Actionable comments posted: 4

Caution

Some comments are outside the diff and can’t be posted inline due to platform limitations.

⚠️ Outside diff range comments (2)

src/llm/registry.py (1)

124-160: ⚠️ Potential issue | 🟡 Minor | ⚡ Quick win

LMStudio requires an API key to be usable, even for unauthenticated local servers.

CLIENTS["lmstudio"] is only registered when LMSTUDIO_API_KEY is set (Line 124), and client_for_model_config raises Missing API key for lmstudio (Line 150) when none resolves.
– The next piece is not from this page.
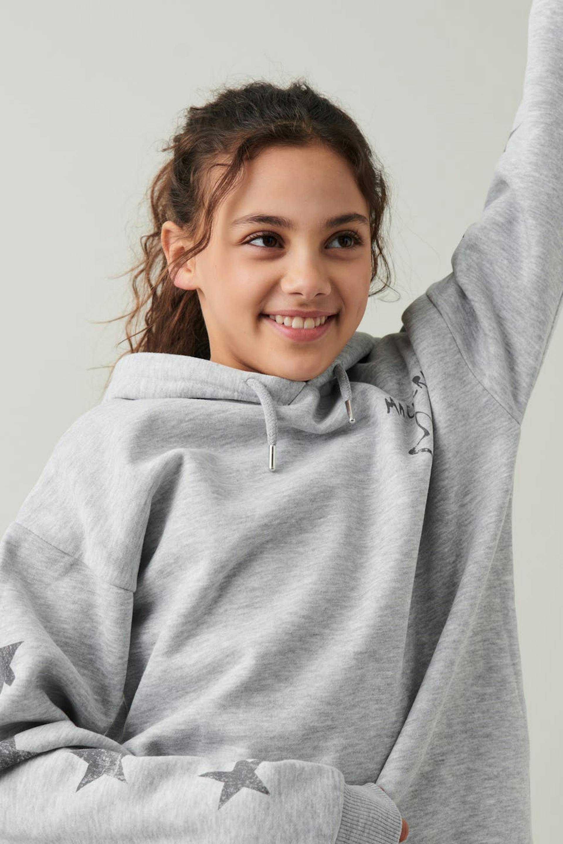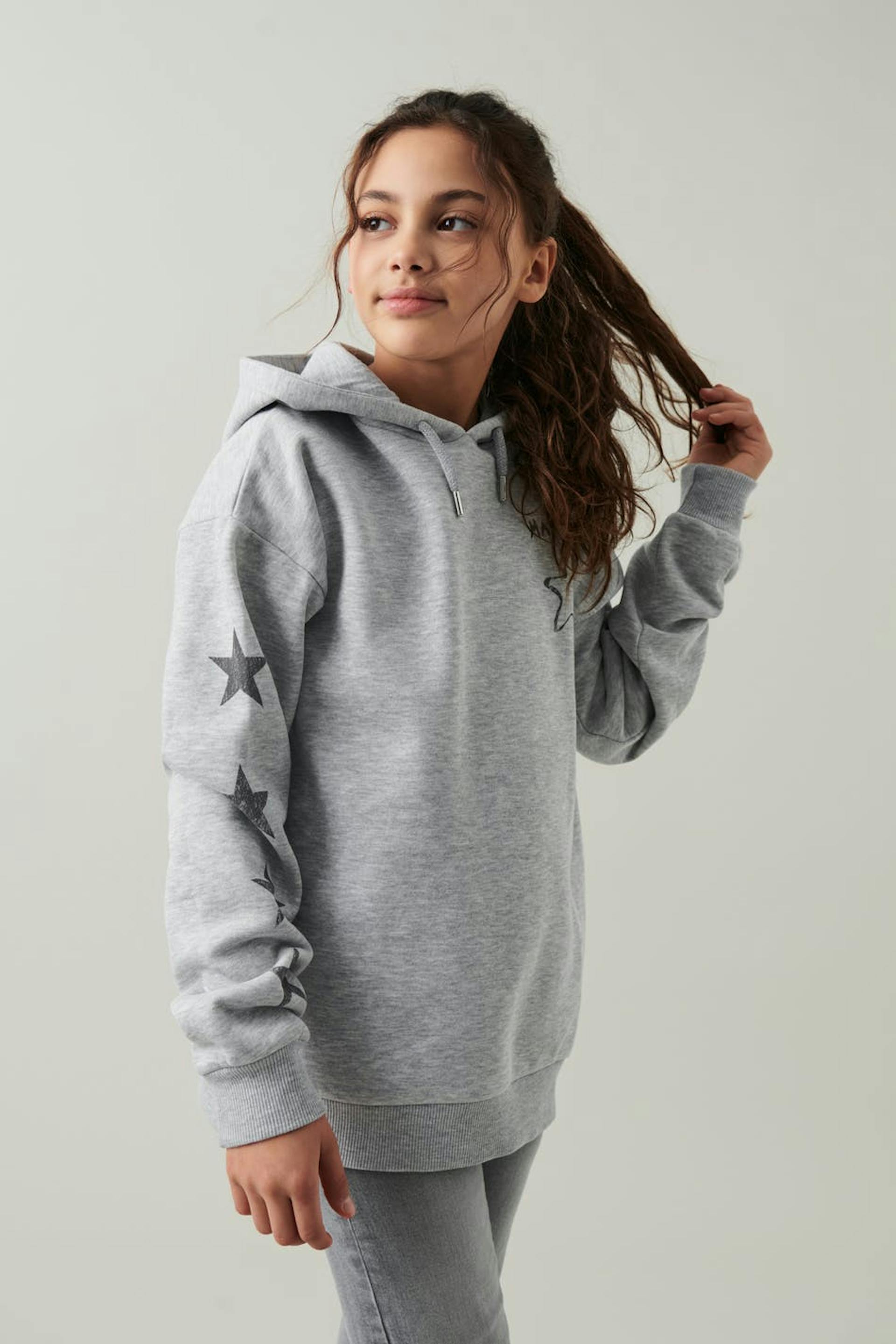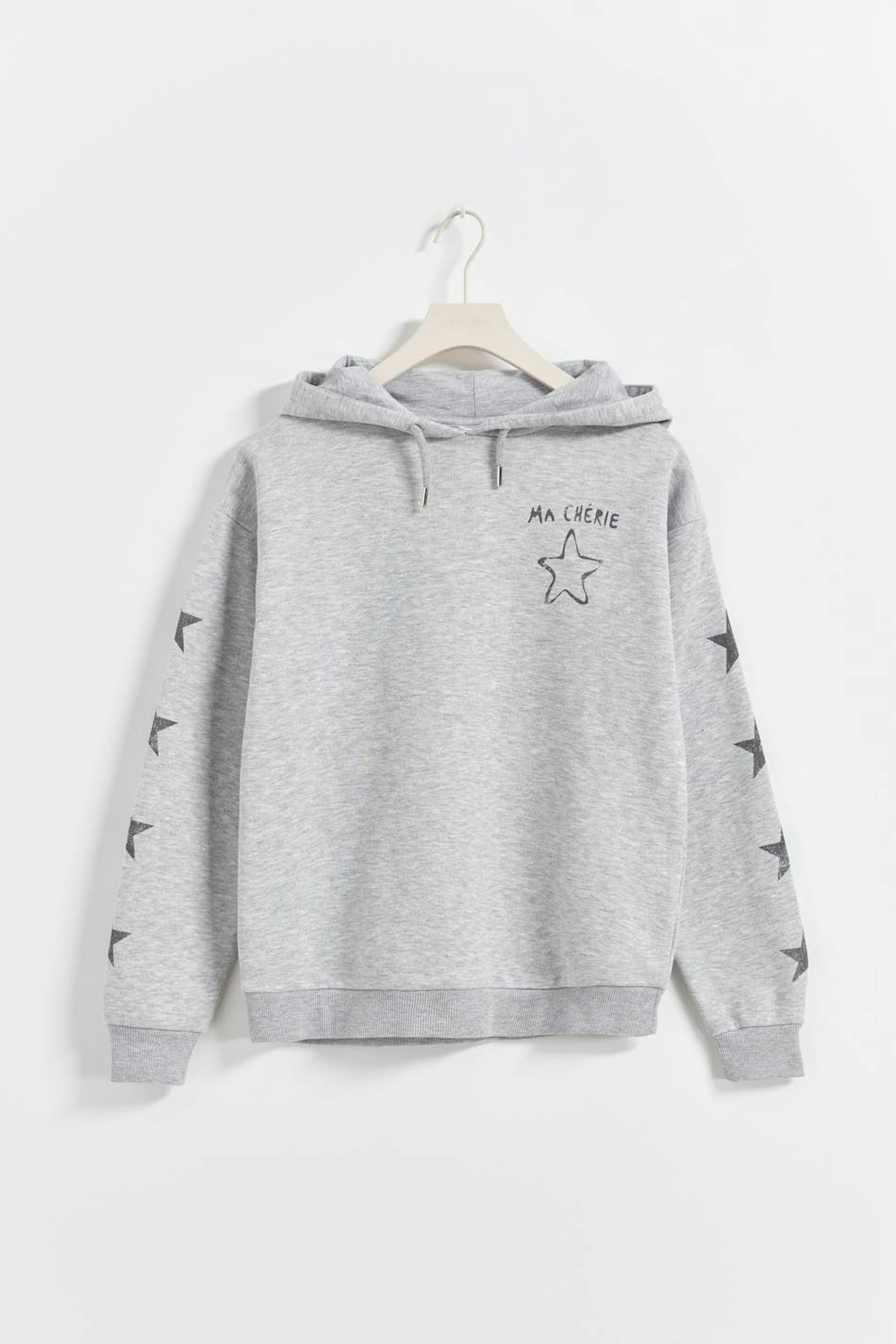 Hoodie aus weichem Trikot mit Sternen vorne und an den Ärmeln. Der Hoodie ist grau und hat eine Oversize-Passform. Er hat Druck auf der Rückseite und auf der Brust, Kapuze mit Kordelzug und Bündchen an den Ärmelenden und an der Unterkante.

Local LMStudio servers typically don't require auth, but the AsyncOpenAI client also rejects an empty key — so operators must supply a placeholder key to use the feature. This is a reasonable design, but worth surfacing in the docs (see the .env.template suggestion) so users don't hit a confusing "missing API key" error for a keyless local endpoint.

🤖 Prompt for AI Agents

Verify each finding against current code. Fix only still-valid issues, skip the
rest with a brief reason, keep changes minimal, and validate.
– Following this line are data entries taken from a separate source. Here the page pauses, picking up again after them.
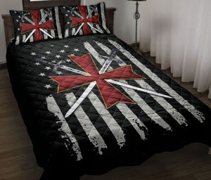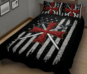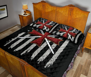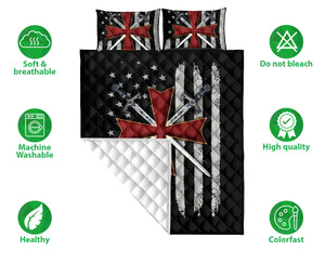Knights Templar Quilt Set, Knights Templar Symbols Sword Us Flag Quilt Blanket With Pillowcases, Quilt Bedding Set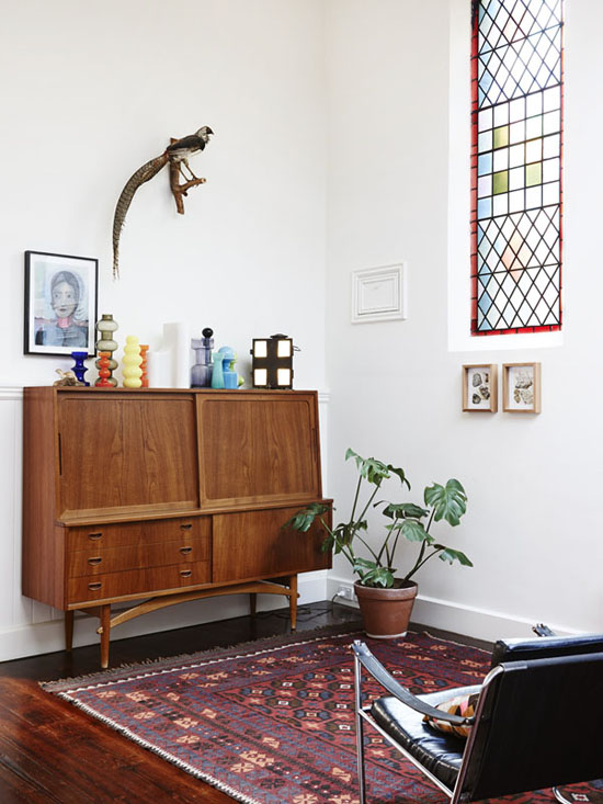 Mezcla la alfombra con muebles vintage y de madera para reforzar la rusticidad del espacio.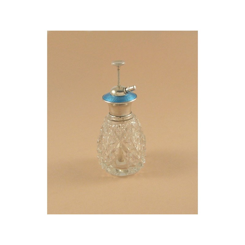 A modern mounted cut glass scent atomiser, with a blue enamelled cap and plated innards and plunger, by Adie Bros, Birmingham 1925. 5.75in (14.5cm) high, overall.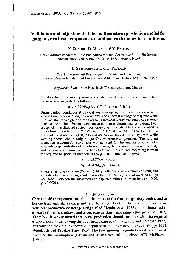 Validation and adjustment of the mathematical prediction model for human sweat rate responses to...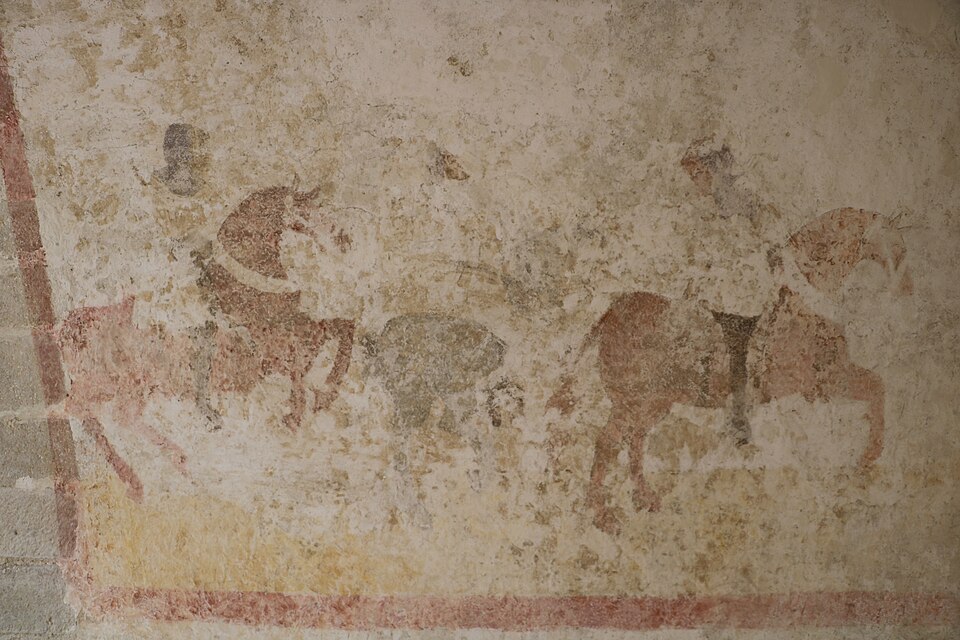 Un bandeau noir peint en pied de voûte court sur tout le périmètre de l'église : il s'agit d'une litre funéraire apposée en signe de deuil du seigneur local et datée de 1691, associée au blason de Louvois, ministre de Louis XIV, propriétaire du château d'Ancy-le-Franc et seigneur de la localité voisine. Sous le porche, des vestiges de la fin du XVe ou du début du XVIe siècle subsistent sur la voûte nord et montrent trois cavaliers ; l'ensemble peint sur les voûtes nord et sud ainsi que sur le mur est évoquait le "Dit des trois morts et des trois vifs", tandis que trois squelettes sur la voûte sud et un calvaire sur le mur est sont aujourd'hui effacés.
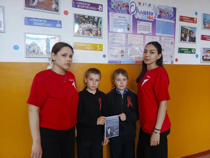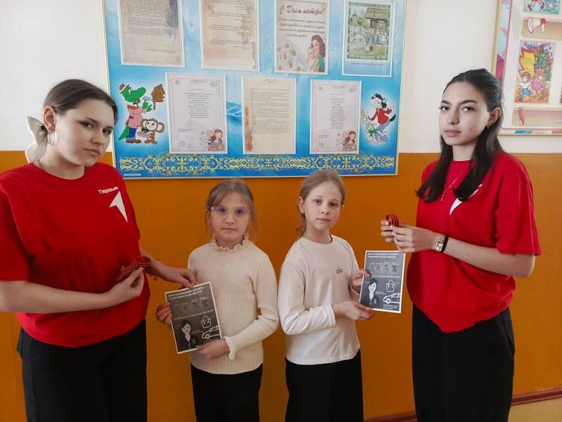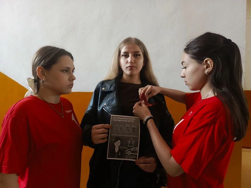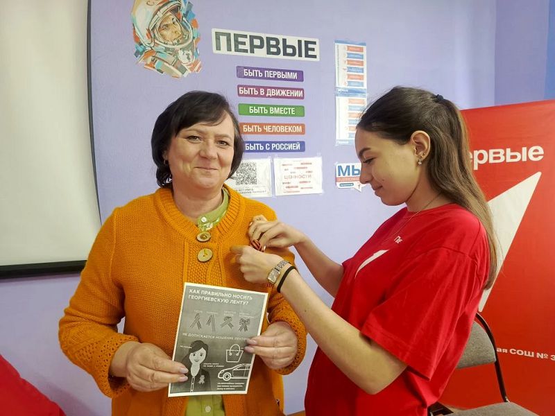 Активисты движения первых с гордостью раздавали учащимся и педагогам георгиевские ленточки — символ воинской доблести и памяти о подвиге наших предков. Вместе с ленточками участники получили информационные памятки с правилами ношения георгиевской ленты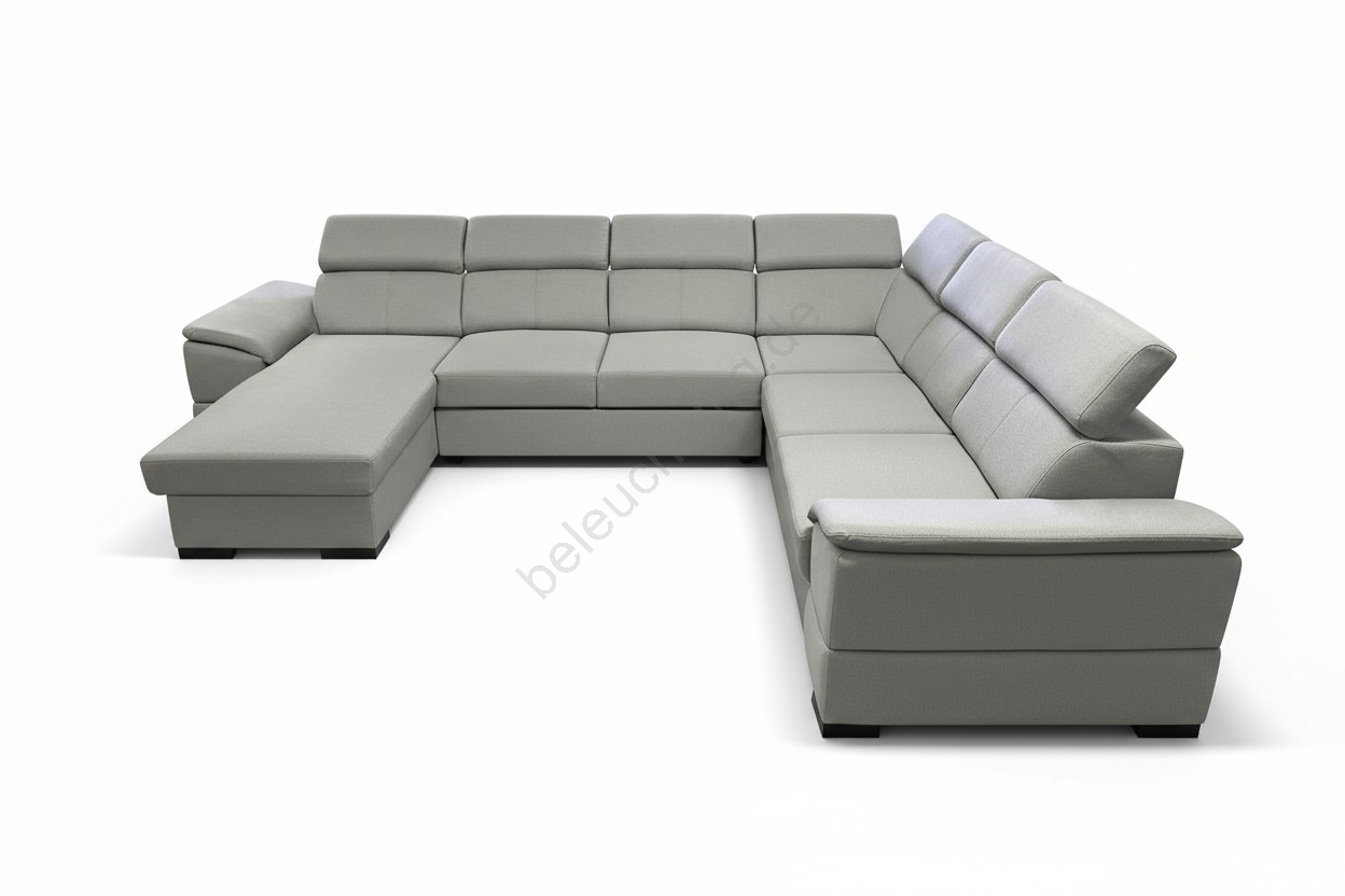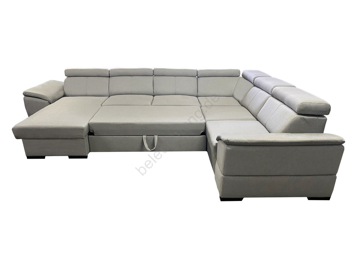 • Ausziehbares U-Ecksofa mit universellem Eckteil und Stauraum GRANADA, hellgrau

In `@src/llm/registry.py` around lines 124 - 160, CLIENTS["lmstudio"] and
client_for_model_config currently require settings.LLM.LMSTUDIO_API_KEY because
AsyncOpenAI rejects empty keys; to avoid confusing "Missing API key for
lmstudio" errors, add guidance and a placeholder to the environment template and
docs: update the .env.template to include LMSTUDIO_API_KEY with a clear comment
like "placeholder for local unauthenticated LMStudio (e.g. 'local' or 'unused')"
and add a short note in README/docs near LMStudio setup explaining that local
LMStudio instances may be unauthenticated and a dummy key must be supplied
(refer to settings.LLM.LMSTUDIO_API_KEY, CLIENTS['lmstudio'], AsyncOpenAI, and
client_for_model_config when describing the requirement).

src/llm/tool_loop.py (1)

609-633: ⚠️ Potential issue | 🟠 Major | ⚡ Quick win

Reset force_fallback before the synthesis call.
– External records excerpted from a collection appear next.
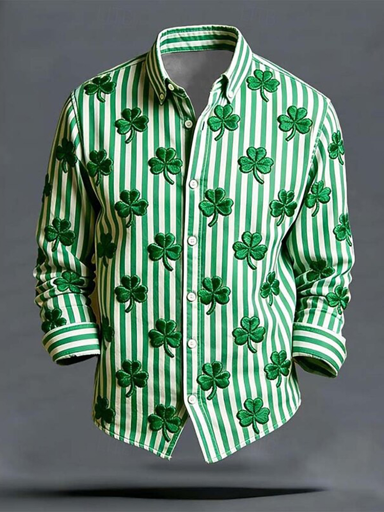 Men's St. Patrick's Day Shamrock Stripe Art Long-sleeved Shirt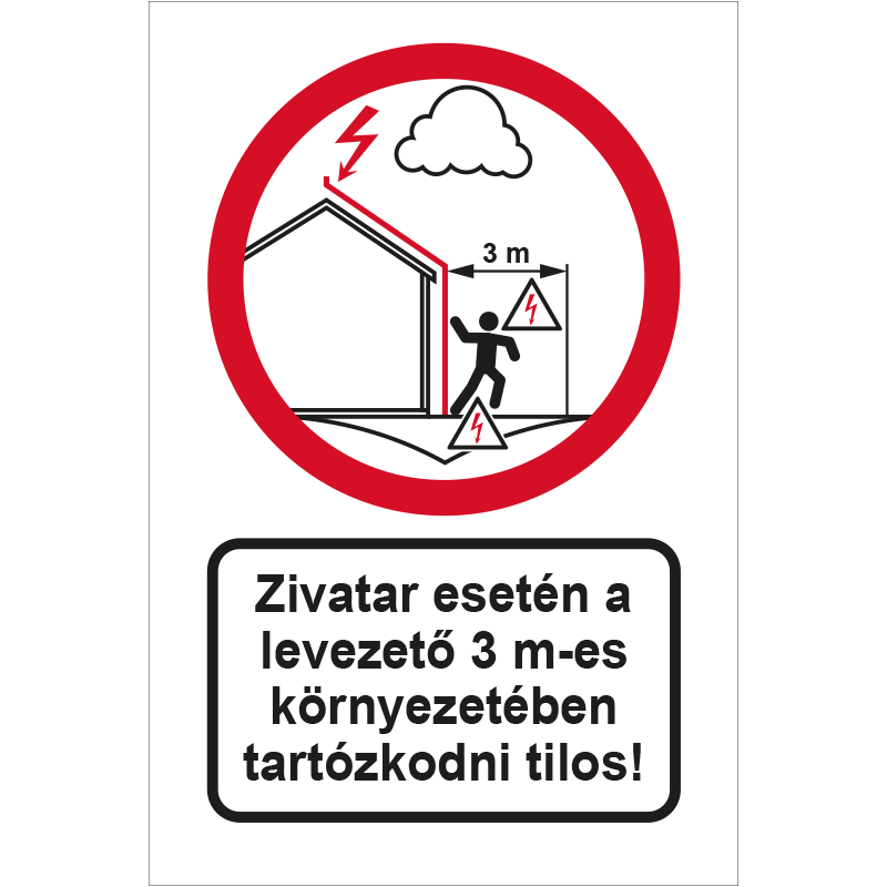 Zivatar esetén a levezető 3 m-es környezetében tartózkodni tilos! matrica / tábla
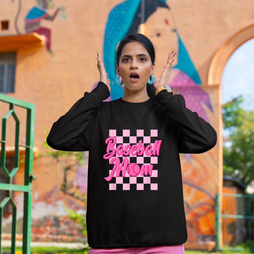 Baseball Mom Black And Pink Grid Sports Mother Mama Player Sweatshirt

Line 609 resets current_attempt to 1 for the final synthesis call, but does not reset force_fallback. If the last tool iteration set force_fallback=True (due to a retryable error in its retry callback), that state will persist. The synthesis call at line 612 invokes get_attempt_plan() which reads force_fallback.get(), causing the synthesis to incorrectly use the fallback model on the first attempt instead of trying the primary.

This inconsistency with the per-iteration reset at line 343 can lead to unexpected fallback usage.

🐛 Proposed fix

     current_attempt.set(1)
+    force_fallback.set(False)
 
     async def _final_call() -> HonchoLLMCallResponse[Any]:

🤖 Prompt for AI Agents

Verify each finding against current code. Fix only still-valid issues, skip the
rest with a brief reason, keep changes minimal, and validate.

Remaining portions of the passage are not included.